*TASK INSTRUCTIONS*
I need the entries printed again word for word, without the images.
Start of SOURCE DATA
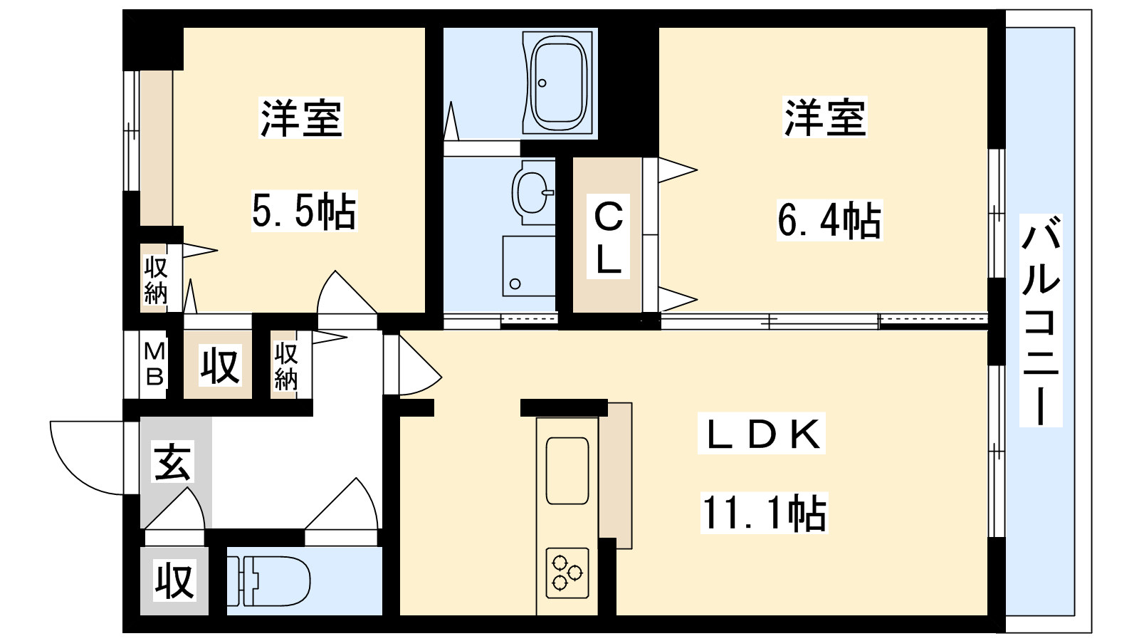 - LDK11.1帖、洋室6.4帖、洋室5.5帖
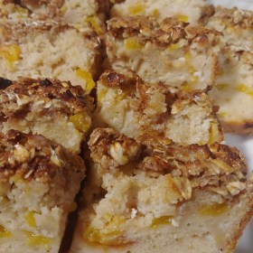 Peach Cobbler Bread with White Chocolate ganache glaze
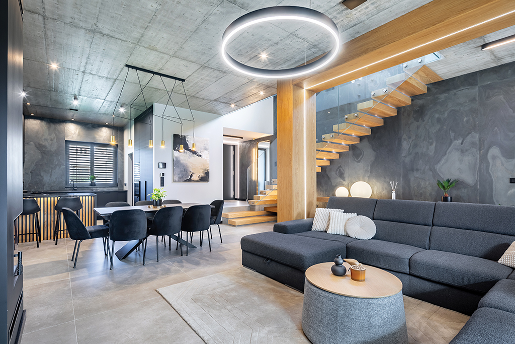 A szobák hangulata, atmoszférája pontosan megfelelt elképzeléseiknek. A látszóbeton mennyezet kissé loftossá teszi a ház légkörét, fiatalos, modern, lendületes. Gabi változatos formavilágú dizájncsillárokat választott hozzá, amelyek szépen öltöztetik a tágas tereket. A nappaliban a szürke sarokkanapé egy körasztalkát fog körül, ehhez a gyűrűforma csillár remek ötlet, harmonizál a minimalista térrel, nem túl díszes, mégis látványos. A kanapé mögött a teljes falszakasz szürke, nyers felületű, míg a terasz felé teljes üvegajtók nyílnak. A fa lécek formájában jelenik meg az enteriőrökben, impozáns részlet például a tévé mögötti hátfal. Noha a beton, a nyers felület folyamatosan visszatérő motívum, a dekorációk, a homokszínű, puha szőnyeg, a szép textíliák szépen öltöztetnek, lágyítanak. Bár a konyha egy légterű a nappalival és az étkezővel, mégis jól elkülönülő sziget, hangulatát a zártabb elrendezés és a szürke dominanciája határozza meg, mennyezeti fényekkel és a bárpult lécezésével oldva.
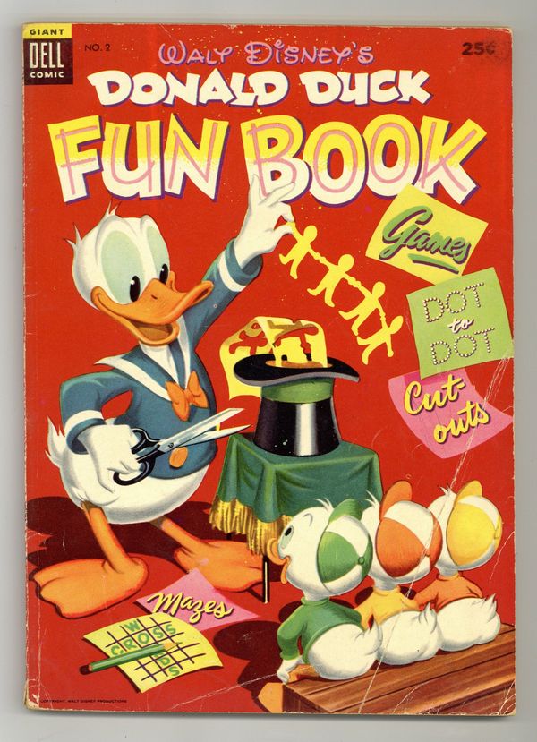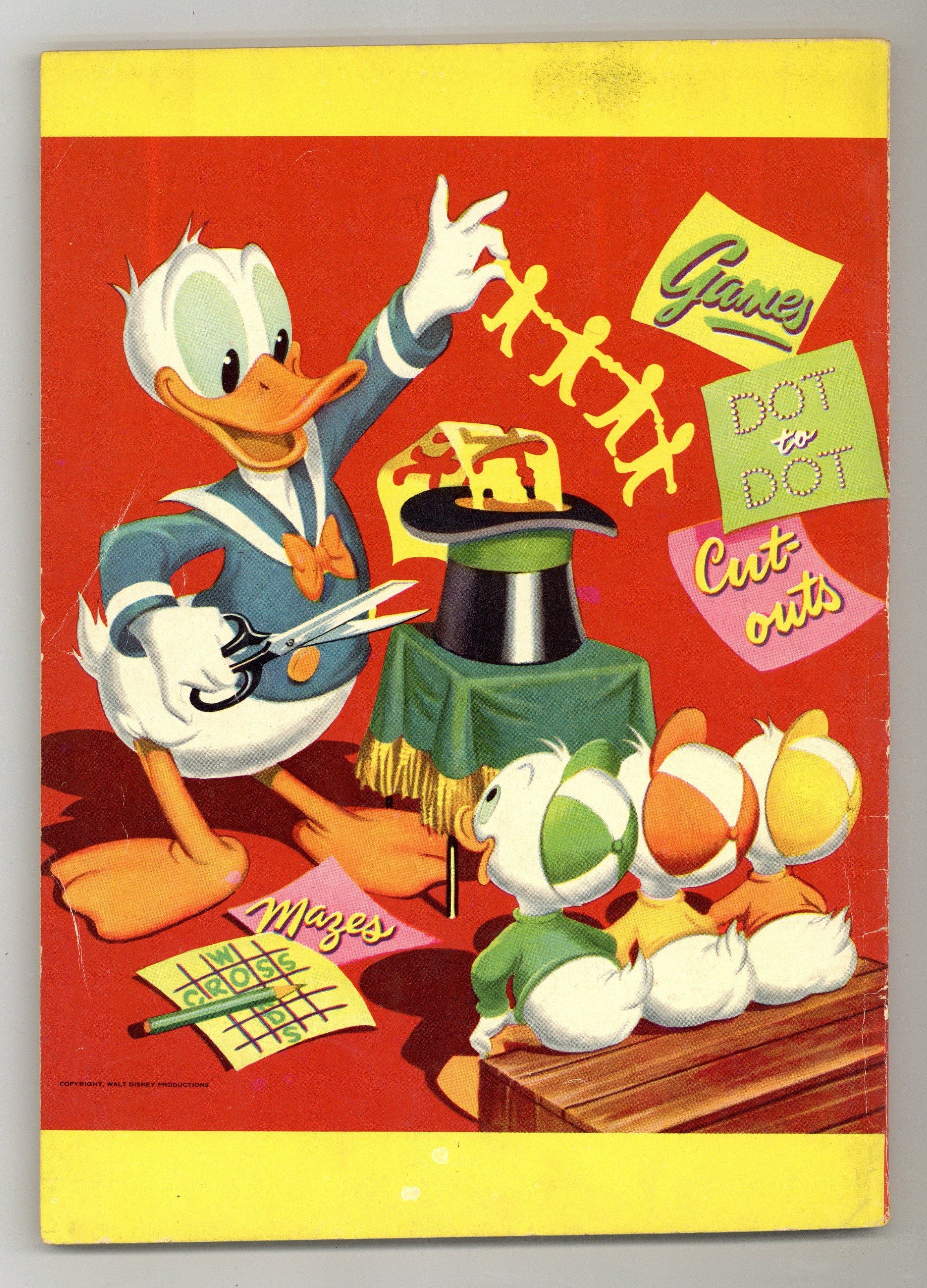 Giant comic of games and puzzles and three comic stories. The comic stories are: Donald Duck in "Bird Watchers" and an untitled story, and Huey, Dewey & Louie in an untitled story. Most of the comic is puzzles, games, dots-to-dots, mazes, crossword puzzles, and cut-outs. Back cover is pinup of front cover illustration. Story and art credits: unknown. 100 Pages, Full Color. Cover price $0.25.
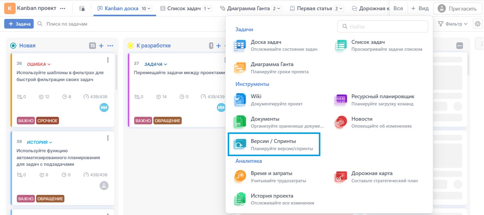 - на доске по версиям - здесь видны все существующие версии/спринты и задачи, которые к ним относятся. Чтобы узнать, как добавить колонки на доску, посетите страницу "Колонки на доске".
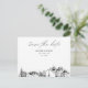 Invitation de carte postale de sauvegarde de date moderne en noir et blanc sur papier mat. Le devant présente un croquis époustouflant, qui donne le ton parfait pour votre jour de mariage. Ajoutez et personnalisez le texte pour le rendre vôtre. Entrez dans l'outil de conception Zazzle pour des personnalisations de conception supplémentaires. Arrive automatiquement sur papier mat. Ajustez à semi-brillant si vous préférez.
End of SOURCE DATA
*TASK ANSWER*
 - LDK11.1帖、洋室6.4帖、洋室5.5帖
 Peach Cobbler Bread with White Chocolate ganache glaze
 A szobák hangulata, atmoszférája pontosan megfelelt elképzeléseiknek. A látszóbeton mennyezet kissé loftossá teszi a ház légkörét, fiatalos, modern, lendületes. Gabi változatos formavilágú dizájncsillárokat választott hozzá, amelyek szépen öltöztetik a tágas tereket. A nappaliban a szürke sarokkanapé egy körasztalkát fog körül, ehhez a gyűrűforma csillár remek ötlet, harmonizál a minimalista térrel, nem túl díszes, mégis látványos. A kanapé mögött a teljes falszakasz szürke, nyers felületű, míg a terasz felé teljes üvegajtók nyílnak. A fa lécek formájában jelenik meg az enteriőrökben, impozáns részlet például a tévé mögötti hátfal. Noha a beton, a nyers felület folyamatosan visszatérő motívum, a dekorációk, a homokszínű, puha szőnyeg, a szép textíliák szépen öltöztetnek, lágyítanak. Bár a konyha egy légterű a nappalival és az étkezővel, mégis jól elkülönülő sziget, hangulatát a zártabb elrendezés és a szürke dominanciája határozza meg, mennyezeti fényekkel és a bárpult lécezésével oldva.
 Giant comic of games and puzzles and three comic stories. The comic stories are: Donald Duck in "Bird Watchers" and an untitled story, and Huey, Dewey & Louie in an untitled story. Most of the comic is puzzles, games, dots-to-dots, mazes, crossword puzzles, and cut-outs. Back cover is pinup of front cover illustration. Story and art credits: unknown. 100 Pages, Full Color. Cover price $0.25.
 - на доске по версиям - здесь видны все существующие версии/спринты и задачи, которые к ним относятся. Чтобы узнать, как добавить колонки на доску, посетите страницу "Колонки на доске".
 Invitation de carte postale de sauvegarde de date moderne en noir et blanc sur papier mat. Le devant présente un croquis époustouflant, qui donne le ton parfait pour votre jour de mariage. Ajoutez et personnalisez le texte pour le rendre vôtre. Entrez dans l'outil de conception Zazzle pour des personnalisations de conception supplémentaires. Arrive automatiquement sur papier mat. Ajustez à semi-brillant si vous préférez.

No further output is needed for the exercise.